The emerging consensus is that, as Daniel Dennett once quipped, just as we cannot do much carpentry with our bare hands, there is not much thinking we can do with our brains alone. What about emotions? If the brain alone cannot do much thinking, can it alone do some emoting? If not, what else is needed? Do (some) emotions (sometimes) cross an individual’s boundary? If so, which supra-individual systems can have affective states, and why? And does that make emotions “situated” in the sense cognition is said to be situated? Although body and environment have long been a central topic in emotion research, we believe that applying insights from the situated cognition debate can open up new avenues of research in the philosophy and science of emotions.

Already in 1984 during the heydays of cognitivism, Robert Zajonc, one of the most eminent emotion psychologists, co-authored a paper with Hazel Marcus on “Affect and Cognition” strongly critical of the then prevailing “disembodied” theories of cognition, which had even led some emotion researchers (e.g. Solomon 1976) to forget the indispensable role of the body in emotional processes. In particular, Zajonc and Marcus argued that a proper understanding of cognition “is virtually incompatible with the type of computer model of information processing prevalent in contemporary psychology” (1984, pp. 81-82). Their criticism turned out to be farsighted. Nowadays, the role of the body, as well as that of the physical and social environment, is acknowledged in its influence on cognitive processes, and it is increasingly recognized as having a key impact on various affective phenomena.

Cognitive and affective processes that essentially involve body and environment are often characterized as embodied, embedded, extended, or distributed, respectively.
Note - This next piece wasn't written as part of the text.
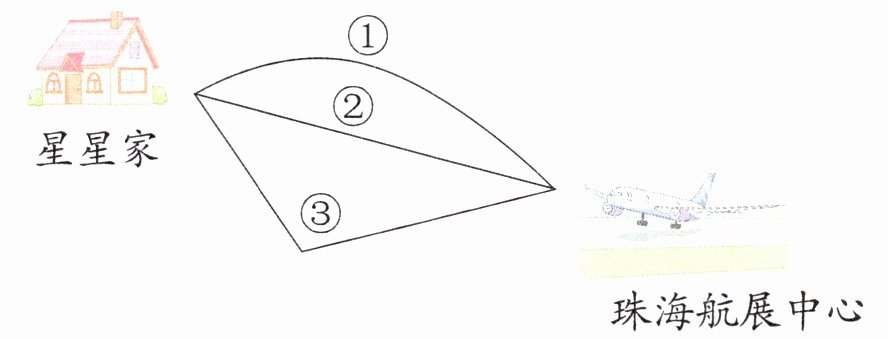 3. 星星一家开车去看航展,导航推荐了三条路线。最近的一条路线是(

Thus far, the conceptual geography of these new terms has not been established; they are used with various meanings and are not part of a generally accepted framework. We use the expression “situated” as the most general term to refer to all of them and offer some suggestions in what follows about how to best understand and use the aforementioned new terminology. This will reduce the amount of talking at cross-purposes, and lead to a better appreciation of how emotion theory can benefit from situated approaches.

In the current literature, to characterize affective processes as being embodied can mean two quite different things: first, that they essentially involve extra-cranial bodily processes, i.e. depend on or stretch out into processes of the body minus the brain (Niedenthal et al. 2009) or, second, that they involve at least (intracranial) bodily format representations, which are often treated as simulations of bodily processes (Bastiaansen et al. 2009). Although some years ago such views may have been news for cognitive science, they do not contain genuine news for affective science. Bodily processes (or at least representations of the body) have always played an essential role in all sorts of feeling theories, and they are also essential components in appraisal theories such as, e.g., Scherer’s component process model of emotions (Scherer 2005). Only radical cognitivists had downplayed the role of the body in emotions for a while in their historical amnesia.

With respect to environmental and social factors, however, things are somewhat different. Although emotions are typically conceived of as responses to changes in the environment, there is no pre-established consensus on how the environment can have a substantial impact on our affective life beyond merely triggering, or providing background conditions for, emotions. This is what a robust notion of embeddedness should establish.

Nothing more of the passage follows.